Actually, it is amazing how many adult children are still being controlled by domineering parents.
And finally, as long as the adult children allow themselves to be under the control of anyone else—be it a parent, spouse, or even their children—they have a problem. It is a mark of their immaturity.
Now, by control I mean abuse of God given authority. That occurs when The one with authority get in between God and the one under authority. In this circumstance, I’m talking in regards to Parents and Adult children.
Adults who allow others to control them also do so because of their immaturity and insecurity. They are afraid to stand up for themselves and take control of and responsibility for their own life. As adults we are to be our own person—under our own control and direction.
Furthermore, when adults allow themselves to be controlled by others, they cannot be under God’s control or direction. And when people, including some legalistic pastors, seek to control others, they are playing the role of God in other people’s lives.
As for married couples who allow themselves to be controlled by either of their parents, they are setting themselves up for major marital conflicts. As the Bible teaches, when we marry, we are to leave our parents and depend on each other. That is, we are to cut the emotional umbilical cord that can keep us tied to and controlled by a domineering parent. If our parents don’t cut the cord and let go, we need to cut it ourselves.
The same principle applies to single adults who have a control freak parent(s) whom they are still allowing to control them.
Sure, it isn’t easy to cut the emotional umbilical cord that’s been connecting us since we were in the womb. Try to cut it and the control freak will get mad and try to put us on a guilt trip—but that’s his/her problem and we are not responsible for his/her reaction. Cutting the cord starts by (respectfully) saying, “no,” then “No,” and then “NO!”

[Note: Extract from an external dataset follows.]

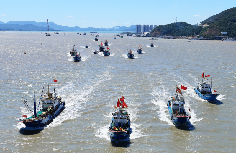 9月16日12时,历时四个多月的东海伏季休渔正式结束。千帆竞发,百舸争流,蔚蓝的海面上绽放出朵朵浪花,一艘艘渔船从浙江沿海的各个渔港昂首出航,在波光粼粼的海面上划出优美的弧线,撒下开渔后的“第一网”,开启新的丰收征程。

You can practice saying “no” to high-pressure sales people such as telemarketers and some (not all) used car sales persons. You don’t have to give a reason why you are saying “no.” In other words, start by saying “no” in the easiest places first. The more you do, the stronger and more confident you will become. It may take a while for you timid ones, but you can do it too. Or take a course in assertiveness training. It will be worth its weight in gold.
Remember, we are only controlled by others when we allow it. Furthermore, and most important of all, if we want our life to be under God’s control and direction, we need to take ourselves out from under the control (or the abusive authority) of anyone else—be it a parent, or anyone else.